En primer lugar, los equipos conocen todo acerca de sí mismos: cualidades, actitudes, recursos y talentos  que los hacen especialmente competitivos.  Sus líderes crean  condiciones y ambientes propicios para alcanzar la eficacia, trabajan en las fortalezas del equipo con miras a la consecución del propósito colectivo.

Esta actitud genera un ambiente de “construcción”, no de “reparación”.  Se descarta la inversión de tiempo y trabajo en corregir debilidades, sin que eso signifique descuidarlas. Se desmitifica aquello de que solo se progresa si se corrigen defectos, limitaciones o imperfecciones. También el que se deba estar exento de miedo o  frustración; la energía se concentra en reconocerlos para superarlos, no para evitarlos; la fortaleza individual se refleja en el resultado colectivo.

En segundo lugar, después de superar los miedos, la mente comienza a producir pensamientos positivos, cimentados en la toma de conciencia de sus fortalezas. Como dice el conocido refrán: “Un pájaro posado en un árbol nunca tiene miedo de que la rama se rompa, porque su confianza no está en la rama sino en sus propias alas”.  Cuando el alma de un atleta o de un equipo es su capacidad, los esfuerzos son ilimitados. Por eso, padres de familia, gerentes empresariales y directores deportivos deben promover el auto-diálogo positivo en sus pupilos, pues de este derivan las conductas y las decisiones que subyacen al éxito.

En tercer lugar, las personas con motivación de logro hacen de la disciplina un hábito, eso les permite ser cada día mejores.

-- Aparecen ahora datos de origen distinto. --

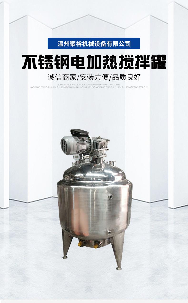 Tanque de mezcla calentado eléctricamenteusar: El tanque agitador con calentamiento eléctrico ofrece resistencia a altas temperaturas, es apto para la dosificación continua, tiene una gran capacidad de producción y no requiere calentamiento con vapor. Se utiliza ampliamente en sectores industriales como la medicina, las bebidas, la química, las resinas y la investigación científica. estructura: Español Está compuesto de cuerpo de olla, tapa de olla, agitador, camisa de calentamiento, dispositivo de soporte y transmisión, dispositivo de sellado del eje, etc. Está compuesto de cuerpo de olla, tapa de olla, agitador, sellado del eje, dispositivo de calentamiento eléctrico, etc. Hecho de acero inoxidable. El cuerpo de la olla está conectado con la tapa de la olla, hay un orificio de descarga en la parte inferior del cuerpo de la olla, hay un agitador en el tanque de calentamiento y hay orificios para tuberías de proceso, como alimentación y medición de temperatura, en la tapa de la olla. El reductor y el motor están instalados en el soporte de soldadura en la parte superior de la tapa de la olla, y el agitador en la olla es impulsado por el eje de transmisión. El dispositivo de sellado del eje está en la parte superior de la tapa de la olla. La camisa de calentamiento está provista de entrada y salida de aceite, puerto de ventilación, varilla de calentamiento eléctrica y otros orificios para tuberías.
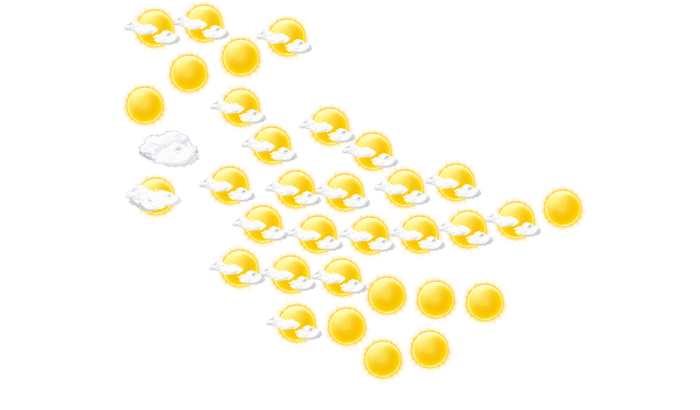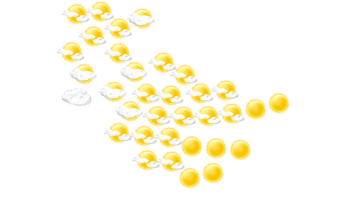 In El Roka verdecken am Tag einzelne Wolken die Sonne bei Temperaturen von 23 bis 32°C. In der Nacht ziehen Wolkenfelder durch bei Tiefsttemperaturen von 23°C.

Para ellas, el talento no es suficiente si no marca diferencia en sus vidas y en sus organizaciones. Trabajan en perfeccionar lo que hacen bien; sus capacidades se convierten en el estandarte de su éxito.

Ahora, sumemos los tres componentes: fortalezas, confianza y trabajo exigente. El resultado es una actitud de vida constructiva: sensatez para reconocer lo que no se tiene y convencimiento  de poder llegar lejos con lo que sí se tiene.

En momentos límite, quieran o no, los equipos se valen de sus fortalezas para sacar a relucir su mejor versión. ¿Ya sabe cuáles son las suyas?